Judy had stood beside him, in this doorway, barely rising to his shoulder. But her physical presence had been overpowering.

She taught history at Franklin High School, which was now a shopping center. She knew damned little science, and less cosmology, but she seemed perpetually interested in what Carlisle was doing. Her father was a policeman, and she was a product of public schools and state universities, not blessed with life's advantages as he had been. She talked about wanting to write the definitive history of the McCarthy era. Everything hadn't come out yet, she'd said. His links with Hoover. Deals with Nixon. During all the years he knew her, she was gathering materials, and planning the book. Sometimes she read extracts to him. Carlisle, who had always found the social sciences boring, got caught up in the narrative. He was often appalled that government officials could have acted with such perfidy, and she told him more than once that she loved him because he had retained the ability to be outraged. "Don't ever lose it," she warned.

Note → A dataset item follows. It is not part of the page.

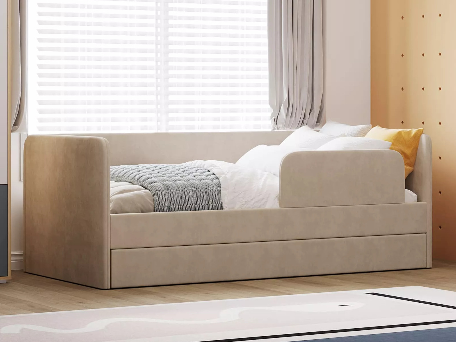 Выдвижной ящик можно использовать в качестве дополнительного спального места (разместив дополнительный беспружинный матрас 1900 х 800 х 140 мм) или для хранения белья и игрушек.

They were watching Boddiker, who was in the observer's cage. "He's our cluster specialist. What they're doing now is hoping the sky will clear. It won't. But if it does, they'll take pictures toward the galactic interior, so they can compare optical results with x-rays. Over there is the imaging center." Babble, babble. He winced now to think of it, but it all seemed to charm her, and she'd squeezed his hand when she thought no one was looking.

Lowenthal was gone a long time. Carlisle wasn't worried: he knew he was right; he had checked his results carefully. So he suggested they go celebrate.

"Isn't that bad luck? Before you get confirmation?"

"Maybe. But in the meantime, I get an evening with you. Worth whatever comes of it."

They took both cars and went down the mountain to Spike's. Spike's was a quiet bar back in the trees off Observatory Road, about a mile from the foot of the mountain. It was favored by the staff at Kitchener and the science department at UEI because management catered to them, hosted their frequent celebrations and parties, and made it a point to treat them like VIP's.